Global Trade and Health
Professor Richard Smith will deliver this lecture entitled 'Global Trade and Health'
The world is getting smaller. Advances in travel and telecommunications especially has facilitated greater cross-border flows of goods and services, people and capital, and ideas and information. For some this heralds increasing standards of living – including health. For others it brings greater exploitation of the poor and adverse impacts on health. But why should this concern those working in public health? Because it provides both challenges and opportunities for modern public health provision, health promotion activities, and public health protection. This lecture will explore these challenges and opportunities.
The lecture will: (i) define and describe the process of trade, including the important actors, institutions and structures; (ii) explain the links and evidence concerning trade in health-related goods, services, people (patients and professionals), capital and ideas (intellectual capital); and (iii) explore how trade impacts upon the risk factors for communicable and non-communicable disease.
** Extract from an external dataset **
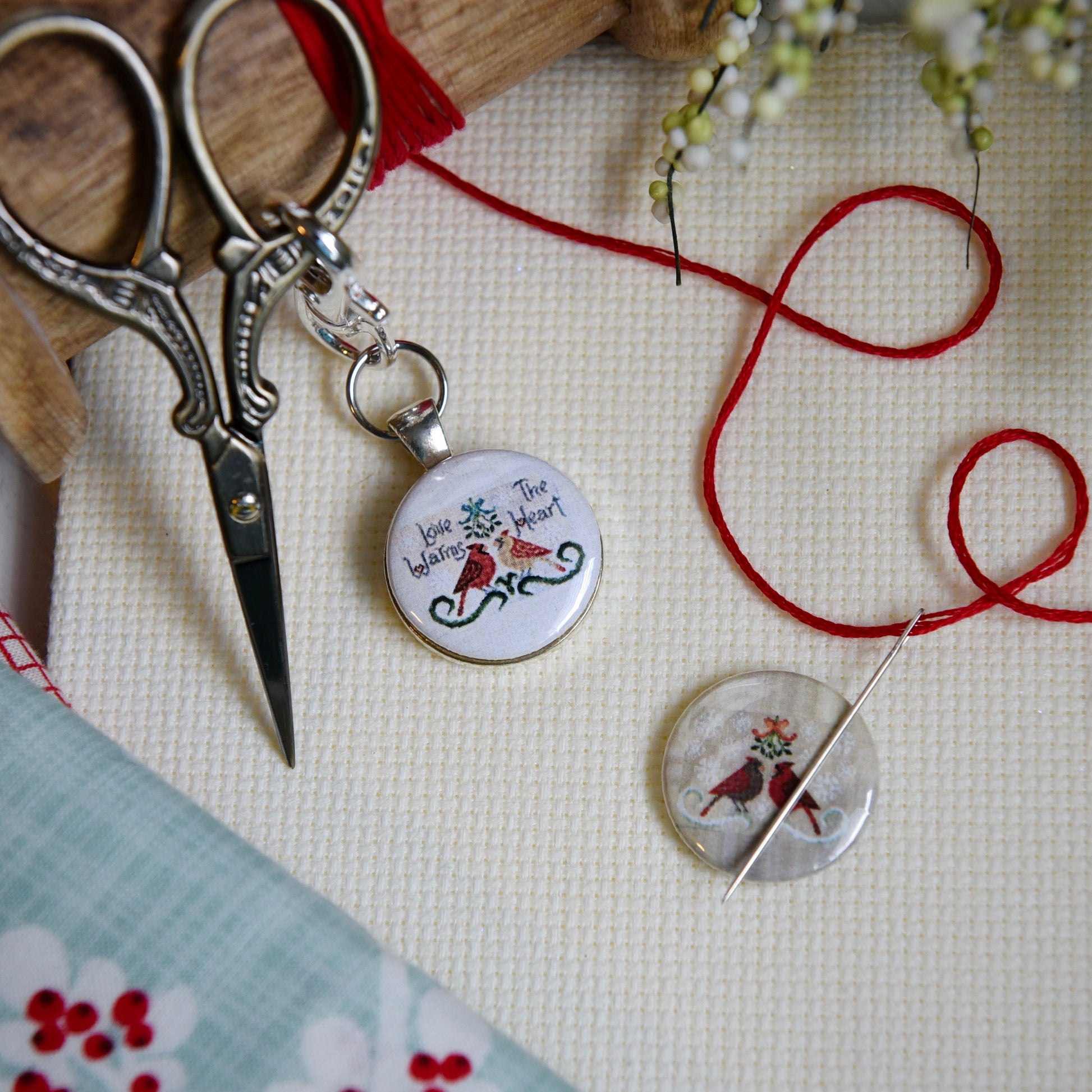 This design is my take on a winter "valentine", with two small birds and a cluster of mistletoe. One variation includes the text "Love Warms the Heart" and the other features snowflakes. The models are both stitched on 40 count "Vintage Fawn" linen from Lakeside Linens, and stitched with DMC threads. Stitch count for each version is 105 wide x 77 high. Special thanks to Acorns & Threads for finishing the models so beautifully!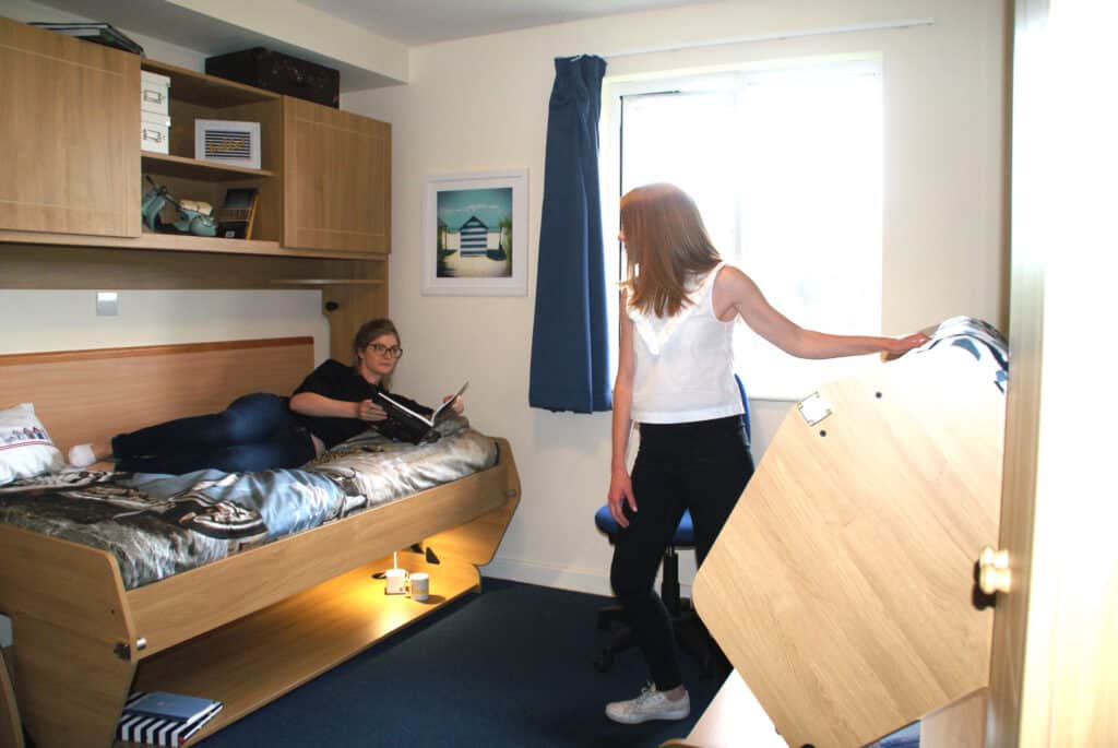 StudyBeds were used to convert medium sized rooms to twin rooms. These proved very popular with International students who were keen to share but at a lower room rate.

The Global Health Lecture Series is held every Monday during the first two terms, with the exception of Reading Weeks. Leading experts from the School present up-to-date summaries and debates about a range of global health issues. Each lecture is 45-60 minutes, followed by Q&A, and they are open to all students as well as anyone interested in learning more about global health.
Please note the lectures are very popular, so you are advised to arrive early.
Session recordings are made available in the Panopto block on the top right of the Global Health Series Moodle page.